There was something wrong in both of those scenarios. And, I am not making up those scenarios. They both happened…several times! In the first scenario, I was feeling sorry for myself and let it manifest into anger. In the second scenario, I was feeling sorry for him and let it manifest into dishonesty. There has to be a balance and we finally achieved it through communication, disagreements, understanding how the other one felt, being honest and then we found our solution.
Now a common scenario is this: He says, “Honey, we need…from this store. Do you want to go in?” I know that when he asks that question, he is probably tired and would rather not get the wheelchair out for another time. This is when I evaluate. Do I really have a strong desire to go in this store or do I just want to avoid sitting in the parking lot because I get bored easily? If I want to go in, I tell him and he gladly gets my chair. He doesn’t grunt at me annoyingly, or make me feel like a burden. If I am just avoiding being bored, then I choose to be bored and spare his back. I will stay in the van and I don’t pout. I watch people and have fun making up stories about their day!

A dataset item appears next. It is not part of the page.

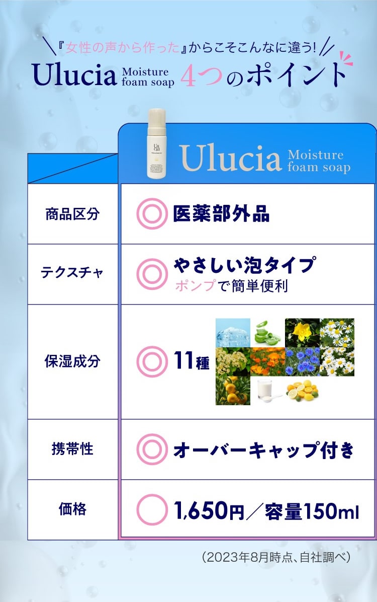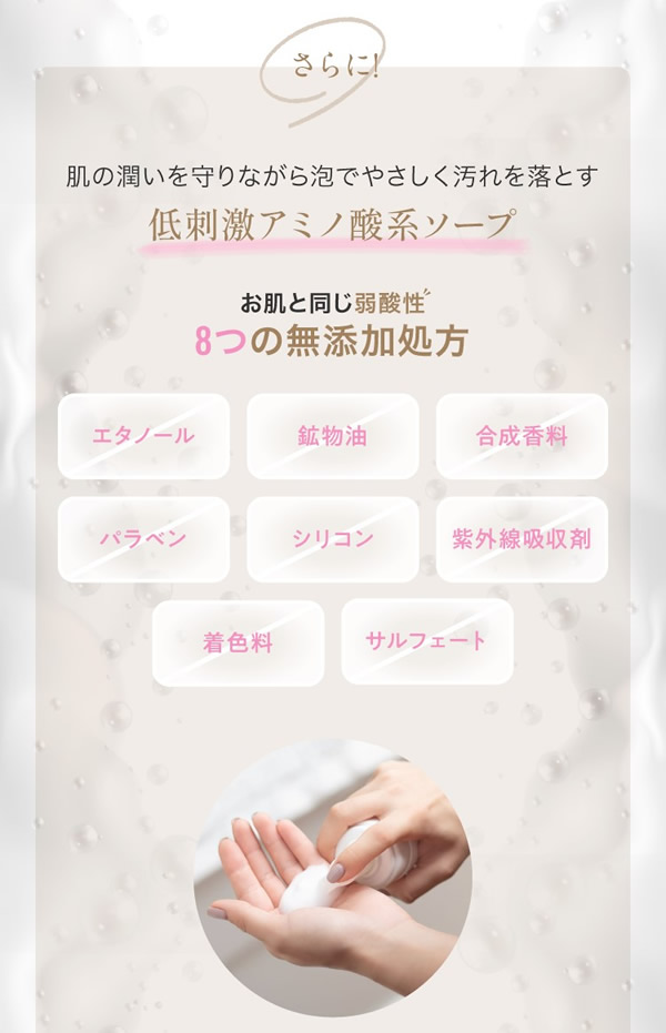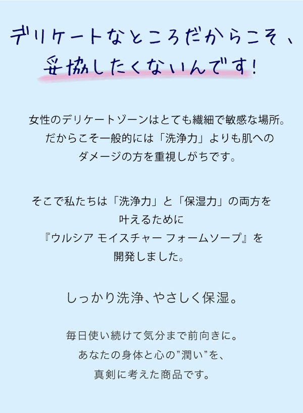 【商品詳細】 商品名: ウルシア モイスチャーフォームソープ 商品説明: ”洗浄力”も”保湿力”もバッチリ♪ 贅沢リッチなデリケートゾーン薬用ソープ こだわり抜いた美容保湿成分を贅沢に11種類も配合し、汚れをさっぱり洗い流し、必要なうるおいはキープ。 低刺激のアミノ酸系ソープだからやさしく洗い上げます。もちろん全身にもお使いいただけます。 8つの無添加処方で成分や品質にこだわりました。 さらに泡タイプだからクリーミーな泡で摩擦による皮膚の刺激も減らし、こすらずに汚れを落とします。 『しっかり洗浄、やさしく保湿。』 毎日使い続けて気分まで前向きに。 女性の身体と心の”潤い”を、真剣に考えた商品です。 内容量: 150ml 全成分: 【有効成分】ミコナゾール硝酸塩、イソプロピルメチルフェノール 【その他成分】ラウリン酸アミドプロピルベタイン液、ジプロピレングリコール、安息香酸ナトリウム、ポリメタクリロイルエチルジメチルベタイン液、フェノキシエタノール、濃グリセリン、2-メタクリロイルオキシエチルホスホリルコリン・メタクリル酸ブチル共重合体液、ラウロイルメチル-β-アラニンナトリウム液、エデト酸ニナトリウム、ヒアルロン酸ヒドロキシプロピルトリモニウム、パラオキシ安息香酸メチル、アロエエキス(2)、1,3-ブチレングリコール、オトギリソウエキス、カモミラエキス(1)、シナノキエキス、トウキンセンカエキス、ヤグルマギクエキス、ローマカミツレエキス、チンピエキス、ホエイ(2)、テトラ2-ヘキシルデカン酸アスコルビル 使用方法: 適量を手にとりやさしく洗いその後洗い流してください。 使用上の注意: ●お肌に異常が生じていないかよく注意してご使用ください。 ●お肌にあわない時即ち次のような場合には使用を中止してください。そのまま使用を続けますと症状を悪化させることがありますので皮膚科の専門医等にご相談されることをおすすめします。 (1)使用中、赤味、はれ、かゆみ、刺激等の異常が現れた場合 (2)使用したお肌に直射日光があたって上記のような症状があらわれた場合 ●傷やはれもの、しっしん、皮ふ炎(かぶれ、ただれ)等の皮膚障害があるときには悪化させるおそれがありますので使用しないでください。 ●目に入った時には直ちに水またはぬるま湯で洗い流してください。 ●乳幼児の手の届かないところに保管してください。 ●極端に高温又は低温の場所、直射日光のあたる場所には保管しないで下さい。 製造国: 日本 区分: 医薬部外品 メーカー: 株式会社ティルトローター 注意事項: 当社では複数店舗で在庫を共有しており、システムで在庫調整を行っておりますが、TV放映等による一時的な注文数の増大や、在庫の更新タイミングにより在庫にずれが生じる場合がございます。 在庫更新が間に合わずご注文頂いた商品が欠品となる場合もございます。 欠品が生じた場合や商品の発送が遅れる場合は、改めてご連絡させていただきます。 ご迷惑をお掛けする場合がございますが、あらかじめご了承くださいませ。 広告文責: 株式会社エーウィル 0747-26-5566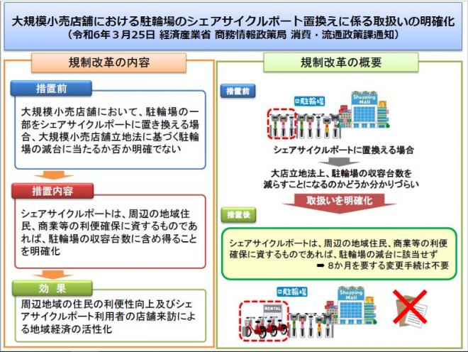 本市の提案を踏まえ、令和6年3月25日経済産業省商務情報政策局消費・流通政策課号通知が出され、駐輪場の一部をシェアサイクルポートに置き換える場合、シェアサイクルポートが周辺の地域住民、商業等の利便確保に資するものであれば、駐輪場の収容台数に含めることができる旨明確化しました。

There are some points to my rambling:
For you friends, spouses or family members:
🔹Don’t make us feel rushed. We know we take longer, but we are trying the best we can. 🔹Don’t make us feel like you are aggravated. We can’t help it that we have a disability and when you get aggravated at us, you are expecting us to change who we are. We can’t. 🔹Try to help think through our feelings. Our feelings are not disabled and the same things that you would desire to do or to go to, we also desire. Help us make that happen and allow and be prepared for the extra time it will take. 🔹Be patient and understanding with our emotions. I assure you, we are more frustrated with the time it takes us than you are.
For you disabled readers:
🔹Plan well. Emergencies can’t be helped, but procrastination can. I know that it takes me almost 2 hours to get through my morning routine and get ready. That means if I have an early morning, I have to get up much earlier than anyone else to make it happen. 🔹Think it through. If I am going to spend a day out with friends or family, I try to prioritize what is most important to me. I don’t want to wear them out taking care of my needs. I go in when I want to, but if it is not that important to me, I offer to stay in the vehicle before they even have to mention anything about it. 🔹Be kind and patient. It is not anyone’s fault that it takes you time. So be careful not to be impatient and grumpy. It is very easy for me to fuss at Jimmy for forgetting to put on a brake, or for putting my cushion on crooked. I know that seems mean, and it is, but it is easy to get really fussy over the little stuff because you are really aggravated at the bigger picture. So, don’t do it. Take a deep breath, remember those who love you are trying to help you, and be quiet.
Remember, this “time” thing takes time to learn for both parties. It will happen. Just be patient!